• _Instructions to follow_
If an entry holds a picture, drop the picture but restate the entry word for word.
--- --- ---
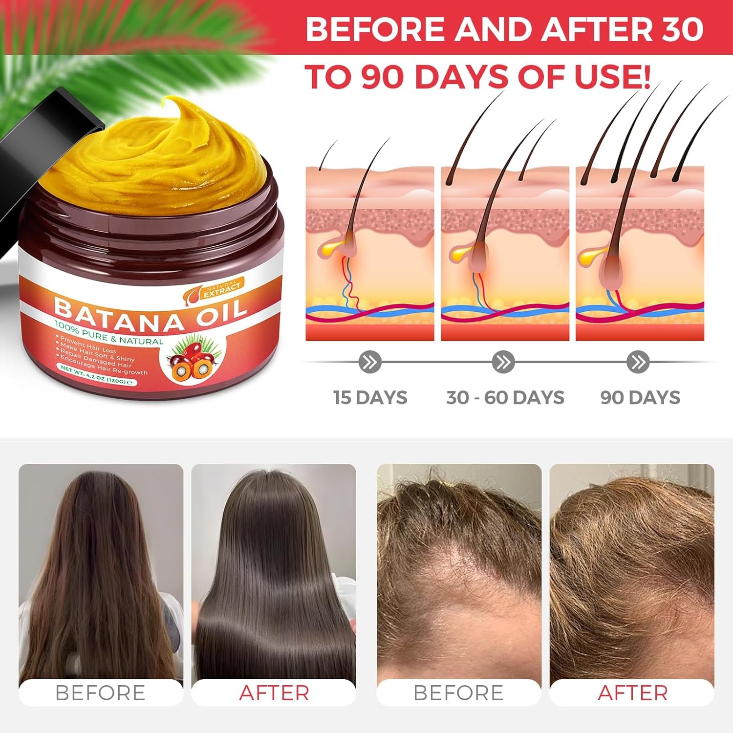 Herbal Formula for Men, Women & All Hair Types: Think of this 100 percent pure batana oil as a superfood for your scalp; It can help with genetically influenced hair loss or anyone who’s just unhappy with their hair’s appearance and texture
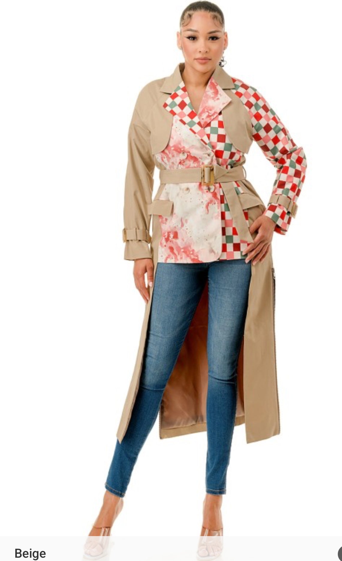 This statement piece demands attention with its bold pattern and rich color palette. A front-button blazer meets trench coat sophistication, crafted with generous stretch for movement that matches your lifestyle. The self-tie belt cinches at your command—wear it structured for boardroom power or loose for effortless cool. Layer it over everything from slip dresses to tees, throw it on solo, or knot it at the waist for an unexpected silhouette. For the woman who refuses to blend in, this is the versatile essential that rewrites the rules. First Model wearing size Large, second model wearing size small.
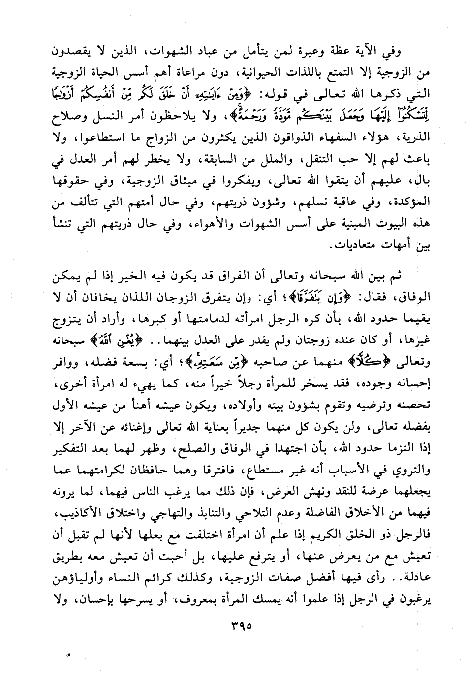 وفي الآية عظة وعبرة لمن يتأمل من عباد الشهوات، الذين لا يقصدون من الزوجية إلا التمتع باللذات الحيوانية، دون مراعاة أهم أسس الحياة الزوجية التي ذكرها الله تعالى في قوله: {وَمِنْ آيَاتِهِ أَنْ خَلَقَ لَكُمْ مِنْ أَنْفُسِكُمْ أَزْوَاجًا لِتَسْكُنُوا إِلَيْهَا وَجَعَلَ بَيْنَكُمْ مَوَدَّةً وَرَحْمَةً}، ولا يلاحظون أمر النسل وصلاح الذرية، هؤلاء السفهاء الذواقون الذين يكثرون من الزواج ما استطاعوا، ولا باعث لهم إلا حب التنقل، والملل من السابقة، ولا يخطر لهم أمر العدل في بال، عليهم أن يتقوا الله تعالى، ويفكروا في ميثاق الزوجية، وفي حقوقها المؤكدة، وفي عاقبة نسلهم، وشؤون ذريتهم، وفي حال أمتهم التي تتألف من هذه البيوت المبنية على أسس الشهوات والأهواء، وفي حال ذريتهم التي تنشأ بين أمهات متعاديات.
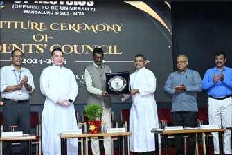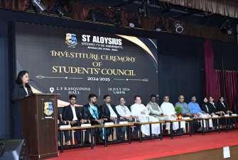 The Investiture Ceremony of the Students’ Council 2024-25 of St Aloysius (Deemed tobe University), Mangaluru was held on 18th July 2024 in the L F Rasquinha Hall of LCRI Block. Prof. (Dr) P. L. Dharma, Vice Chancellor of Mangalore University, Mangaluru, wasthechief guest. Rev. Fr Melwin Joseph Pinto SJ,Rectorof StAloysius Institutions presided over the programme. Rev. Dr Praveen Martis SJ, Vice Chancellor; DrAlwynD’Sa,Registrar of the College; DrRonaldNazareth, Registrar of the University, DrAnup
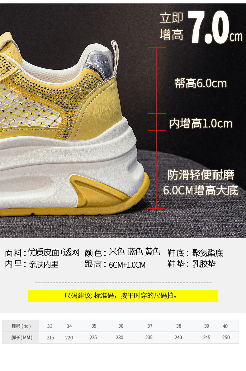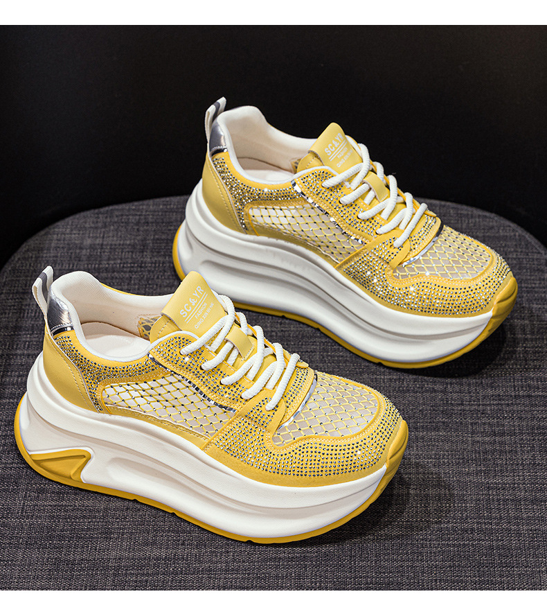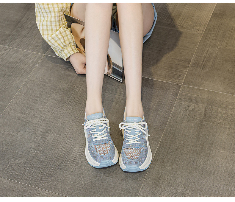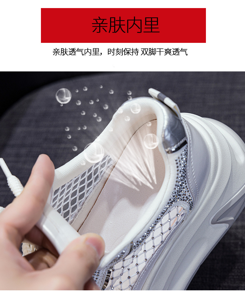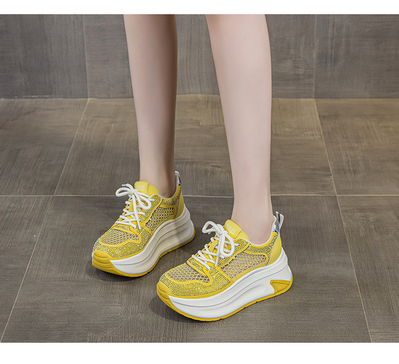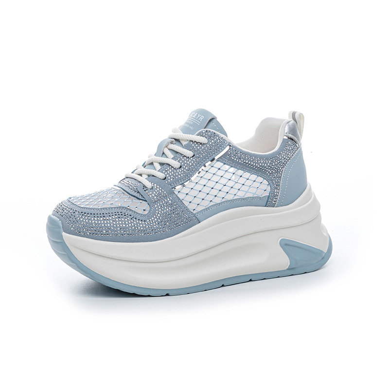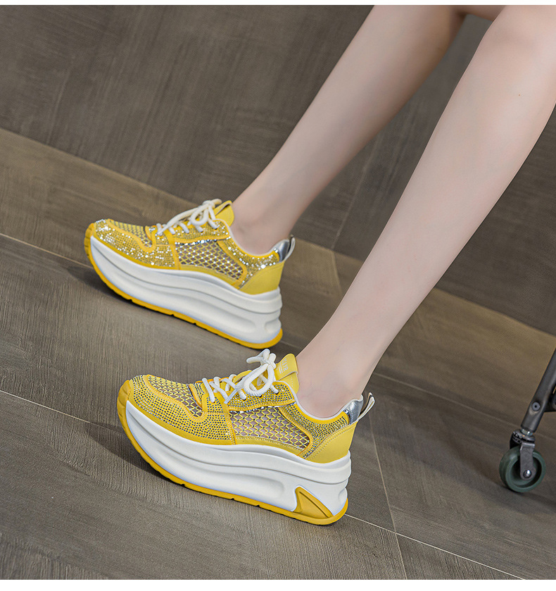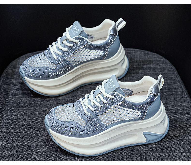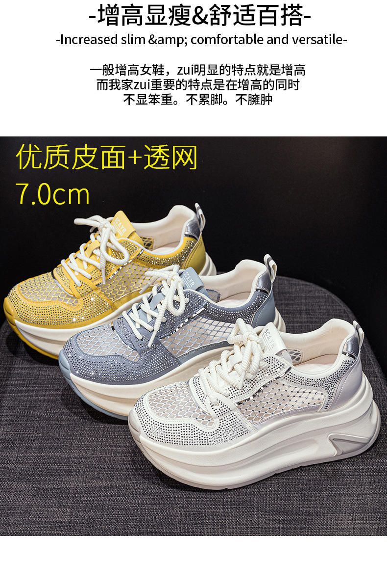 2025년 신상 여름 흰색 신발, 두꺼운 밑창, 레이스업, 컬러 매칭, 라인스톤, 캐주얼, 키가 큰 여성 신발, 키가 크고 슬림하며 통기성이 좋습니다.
--- --- ---
• _Exercise result_
 Herbal Formula for Men, Women & All Hair Types: Think of this 100 percent pure batana oil as a superfood for your scalp; It can help with genetically influenced hair loss or anyone who’s just unhappy with their hair’s appearance and texture
 This statement piece demands attention with its bold pattern and rich color palette. A front-button blazer meets trench coat sophistication, crafted with generous stretch for movement that matches your lifestyle. The self-tie belt cinches at your command—wear it structured for boardroom power or loose for effortless cool. Layer it over everything from slip dresses to tees, throw it on solo, or knot it at the waist for an unexpected silhouette. For the woman who refuses to blend in, this is the versatile essential that rewrites the rules. First Model wearing size Large, second model wearing size small.
 وفي الآية عظة وعبرة لمن يتأمل من عباد الشهوات، الذين لا يقصدون من الزوجية إلا التمتع باللذات الحيوانية، دون مراعاة أهم أسس الحياة الزوجية التي ذكرها الله تعالى في قوله: {وَمِنْ آيَاتِهِ أَنْ خَلَقَ لَكُمْ مِنْ أَنْفُسِكُمْ أَزْوَاجًا لِتَسْكُنُوا إِلَيْهَا وَجَعَلَ بَيْنَكُمْ مَوَدَّةً وَرَحْمَةً}، ولا يلاحظون أمر النسل وصلاح الذرية، هؤلاء السفهاء الذواقون الذين يكثرون من الزواج ما استطاعوا، ولا باعث لهم إلا حب التنقل، والملل من السابقة، ولا يخطر لهم أمر العدل في بال، عليهم أن يتقوا الله تعالى، ويفكروا في ميثاق الزوجية، وفي حقوقها المؤكدة، وفي عاقبة نسلهم، وشؤون ذريتهم، وفي حال أمتهم التي تتألف من هذه البيوت المبنية على أسس الشهوات والأهواء، وفي حال ذريتهم التي تنشأ بين أمهات متعاديات.
 The Investiture Ceremony of the Students’ Council 2024-25 of St Aloysius (Deemed tobe University), Mangaluru was held on 18th July 2024 in the L F Rasquinha Hall of LCRI Block. Prof. (Dr) P. L. Dharma, Vice Chancellor of Mangalore University, Mangaluru, wasthechief guest. Rev. Fr Melwin Joseph Pinto SJ,Rectorof StAloysius Institutions presided over the programme. Rev. Dr Praveen Martis SJ, Vice Chancellor; DrAlwynD’Sa,Registrar of the College; DrRonaldNazareth, Registrar of the University, DrAnup
 2025년 신상 여름 흰색 신발, 두꺼운 밑창, 레이스업, 컬러 매칭, 라인스톤, 캐주얼, 키가 큰 여성 신발, 키가 크고 슬림하며 통기성이 좋습니다.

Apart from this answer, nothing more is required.